We use a 80-20 train-test split, where the test data consists of the latest 20% of ratings for each user.

# Standard Model

The decision to drop variables such as user information (e.g., age, occupation, gender) and item information (e.g., genre) in the following model can be explained by the following considerations:
1) The ALS (Alternating Least Squares) algorithm used in the model is inherently a collaborative filtering approach. Collaborative filtering relies only on user-item interaction data (e.g., user IDs, item IDs, and ratings) to make predictions. The assumption is that similar users (based on their historical preferences) and similar items (based on their popularity among users) can be identified purely from the interaction matrix. Including demographic or item-specific data is not essential in this paradigm.
2) ALS models are designed to handle sparse user-item interaction matrices efficiently. Adding additional features like user demographics or item metadata would require incorporating these into the matrix factorization process, significantly increasing computational complexity.
3) The ALS algorithm, in its standard implementation, does not natively support incorporating additional side information like user or item metadata.
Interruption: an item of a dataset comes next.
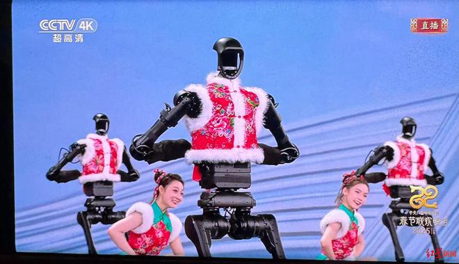 据悉,这并不是宇树机器人第一次登上春晚舞台。2021年牛年春晚,机器牛“犇犇”就和大明星们一起跳过舞,靠可爱的外形和灵活的动作圈粉无数。四年后,宇树H1再次登上春晚,带来了更酷炫的科技感。
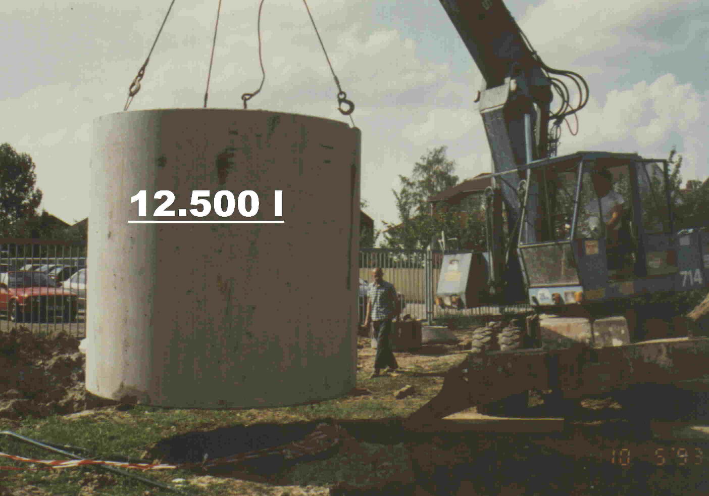 Wir liefern die Zisternen, leisten die Erdarbeiten und versetzen die Zisterne incl. der erforderlichen Anschlüsse. Die gezeigte Zisterne wurde beim Anbau des Feuerwehrgerätehauses in Zwingenberg versetzt und hat ein Gewicht von 6,5 T.

While hybrid approaches exist (e.g., feature-enhanced matrix factorization or deep learning models), they require additional preprocessing, modeling, and computational resources.


In [None]:
from pyspark.sql import SparkSession
from pyspark.ml.recommendation import ALS
from pyspark.sql.functions import col, collect_list
from pyspark.ml.evaluation import RegressionEvaluator

# Initialize Spark session
spark = SparkSession.builder.appName("RecommenderSystem").getOrCreate()

# Prepare the data
columns = ["User ID", "Item ID", "Rating"]
global_train_spark_df = spark.createDataFrame(global_train_df[columns])
global_test_spark_df = spark.createDataFrame(global_test_df[columns])

# ALS Model Setup
als = ALS(
    userCol="User ID",
    itemCol="Item ID",
    ratingCol="Rating",
    maxIter=10,
    regParam=0.1,
    rank=10,
    coldStartStrategy="drop"  # Prevent NaN predictions
)

# Train the model
als_model = als.fit(global_train_spark_df)

# Generate Recommendations for All Users
user_recommendations = als_model.recommendForAllUsers(10)  # Top 10 recommendations per user

# Evaluate the model with RMSE on test set
predictions = als_model.transform(global_test_spark_df)
evaluator = RegressionEvaluator(
    metricName="mse",
    labelCol="Rating",
    predictionCol="prediction"
)
mse = evaluator.evaluate(predictions)
print(f"MSE: {mse}")